I was working for a xtian attorney up until a couple of weeks ago. I was at the Workforce Solutions getting job leads. My pet peeve is that it is required to do a supervised job search at the workforce. Excuse me? This stupid rule makes it where you have to put up with screaming, crying brats that are running all over the place and the stupid parents are ignoring their litter of veals.
I know that parents have to look for employment, however, when the "father" is with a job counselor, does he have to bring his whole tribe to subject people to his genetic terrorists?
This child screamed so that I was tempted to grab her and throw her in the trash can.
I don't have any solutions for you.
I went through the same torture when I was going to a County hospital clinic for over a year because I had a parathyroid condition (I eventually had surgery...fixed it right up!) I was only working part-time and had no insurance, and no money. Whole families would accompany one patient, take up all the chairs in the waiting rooms, kids running around, yelling, etc. I was terribly tempted, SO many times, to sneak my cane in front of a mob of them.
The nurses and receptionists just ignored the mayhem; I guess they were used to it.
I did complain about it once, and the person I complained to whispered that "[certain ethnic groups] don't 'believe' in baby-sitters." If mother or grandma has to go to the doctor, the whole fam-damily goes with her.
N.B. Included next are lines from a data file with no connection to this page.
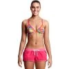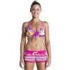Loose fitting cropped pull-on beach short with shirred waist, side pockets and draw cord to fasten.
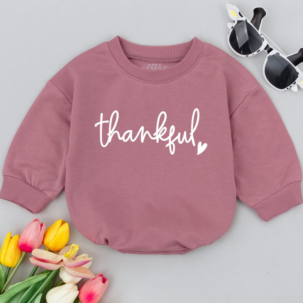 Thankful Baby Romper Thanksgiving Baby Outfit Pumpkin Baby Romper Baby Sweatshirt Romper First Thank 156
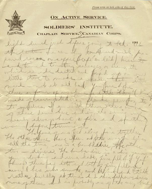 The four of us get along fine together. The other three have been at the waggon lines all the time, one is a bombardier, the other two - drivers. The bombardier is a big, young-looking and remarkably fine fellow. You know there are lots and lots of the fellows around here who smoke and drink and talk rather luridly at times but this fellow does none of these and is probably one of the very best in a strict, moral sense that I have come across. The other two - smoke a great deal as does nearly everyone - one is about twenty-six, has knocked about Canada quite a bit, is rather crusty and sarcastic, even ill tempered at times - one who some people would find it hard to get along with - the other - about twenty-four - probably the laziest and most good natured fellow I ever met. Oh, we have a pretty good time. They made room for me in their bivy when I came down from the guns and we get along now so nicely. Of course, these are all fellows of the last subsection I was in, in the battery in England whom I have known now for some time.
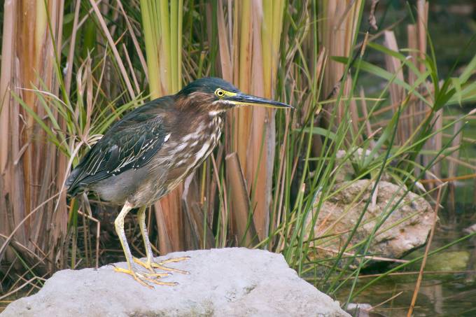 | Green Herons stand still at the water's edge and wait to ambush prey. They mainly eat small fish, frogs and aquatic insects. They sometimes drop food on the water's surface to attract fish. Their call is a loud and sudden kyow. | image041.JPG |
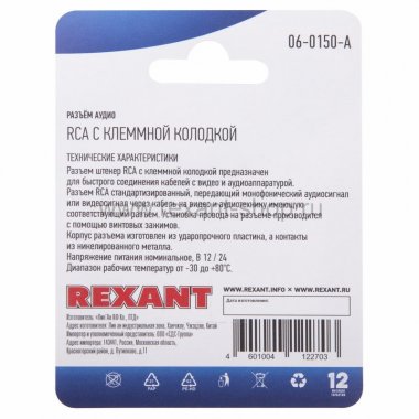 Rexant Разъём аудио, RCA с клеммной колодкой 06-0150-A
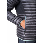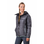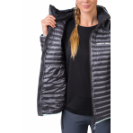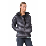 Dámská odlehčená péřová bunda s povrchovou úpravou materiálu proti nasákavosti. Pružné panely v podpaží umožňují uvolněný pohyb a komfort při nošení. Technologie komorového plnění obsahuje vysoce kvalitní kachní peří v poměru 80/20 s plnivostí 750cuin. Prachové kachní peří pochází z certifikovaných farem a zpracovává se v souladu s životním prostředím. Bunda poskytuje výborný tepelný komfort v kombinaci s nízkou váhou a sbalitelností do přiloženého transportního obalu. Svrchní lehký a pevný materiál Airlite DMF od japonského výrobce spolehlivě zabraňuje pronikání péřových vláken vně. Samozřejmostí u takového typu bundy je sportovní střih s anatomicky tvarovanými rukávy a zakončením dolního lemu, rukávů a kapucí pružným lemem. Odlehčené a flexibilnější YKK zipy a technicky výše umístěné hlavní kapsy přístupné při nošení sedáku či batohu. Bunda je vhodná jako svrchní tepelně izolační vrstva, v případě nepřízně počasí může výborně posloužit jako záložní druhá izolační vrstva pod nepromokavou bundu. Certifikace Bluesign je zárukou transparentnosti a využití zdrojů šetrných k životnímu prostředí při výrobě.
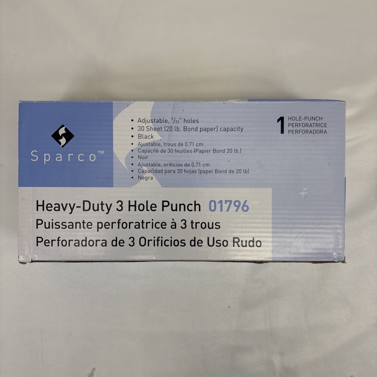 Sparco Heavy-Duty Adjustable 9/32 3-Hole Punch SPR01796 30 Sheets Black NIB
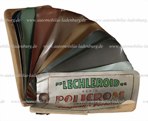 1957, Lechleroid Lackmusterkarte Serie Policrom „Cangianti e Perlati“ mit insgesamt 20 Lackmustern für Ferrari, Fiat, Maserati Fahrzeuge darunter auch seltene zweifarbige Lackierungen wie Verde Periato (Sottosmalto Verde-Smalto Argento), Bleu Periato (Sottosmalto Bleu-Smalto Argento), Amaranto Periato (Sottosmalto Amaranto-Smalto Argento), Lackmuster mit Ferrari Farbbezeichnungen wie Rosso, Azzurro, Celeste, Verde, Dore, Grigio,
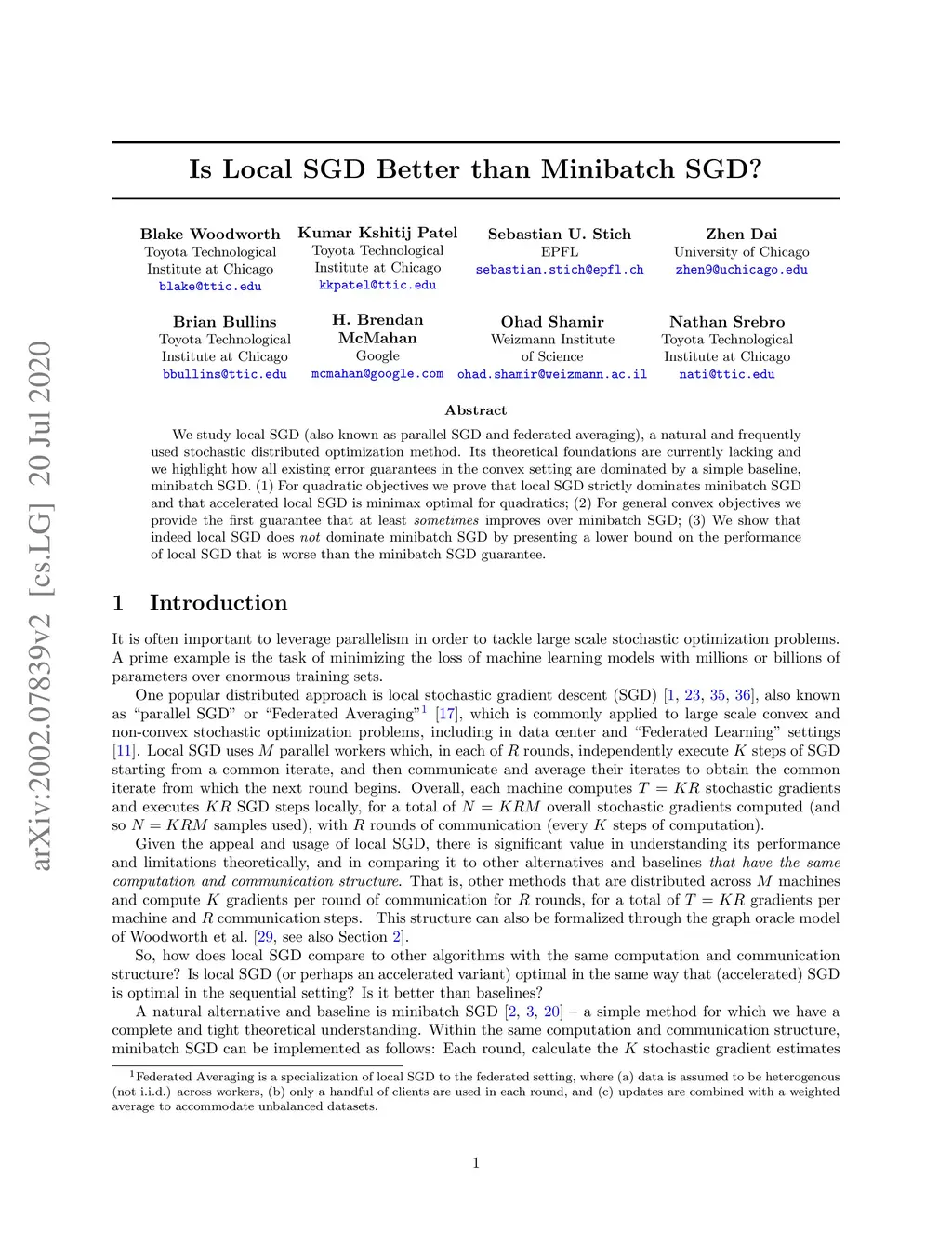 We study local SGD (also known as parallel SGD and federated averaging), a natural and frequently used stochastic distributed optimization method. Its theoretical foundations are currently lacking and we highlight how all existing error guarantees in the convex setting are dominated by a simple baseline, minibatch SGD. (1) For quadratic objectives we prove that local SGD strictly dominates minibatch SGD and that accelerated local SGD is minimax optimal for quadratics; (2) For general convex objectives we provide the first guarantee that at least sometimes improves over minibatch SGD; (3) We show that indeed local SGD does not dominate minibatch SGD by presenting a lower bound on the performance of local SGD that is worse than the minibatch SGD guarantee.

Same thing on the in-patient floors...I was there for 6 days after my surgery, and the racket in the halls was incredible. Sounded like Party Time. In 4 or 5 different languages.
Yeah. I wanted to hit someone. Often.
Nothing worse than airplanes though...especially 20+ hour flights!
Try a 36+ hour train trip in coach class.
I absolutely love travelling by rail (and am so p*ssed-off at the TSA paranoia that I won't put up with any of their airport BS), but Amtrak has some trains in which the lower "deck" of one coach car is the "kiddie room." Books, games, DVD movies, etc. The rules say that a child must be accompanied by an adult in there, but the car attendants are usually too busy with other things to keep a constant eye on the playroom. (I have nothing but praise for Amtrak employees; it's a nearly impossible job, and the ones I've met do it with kindness, style, and humor.)
As long as the sliding door is closed, the noise doesn't carry to the passengers in the upper "deck," but on one trip there were so many kids running in and out, with the door opening and closing, that I finally asked the conductor if I could move to another car. She let me. No problem. But ever after that, I have always asked NOT to be put in the kiddie car when I book a trip. Or even near it. When somebody else is paying for the trip, I book a "sleeper." WONderful!
Change subject for a minute: I wish, oh, how I wish, that in the days when I left HOI the railroads hired women to work the trains! I would have jumped at the chance!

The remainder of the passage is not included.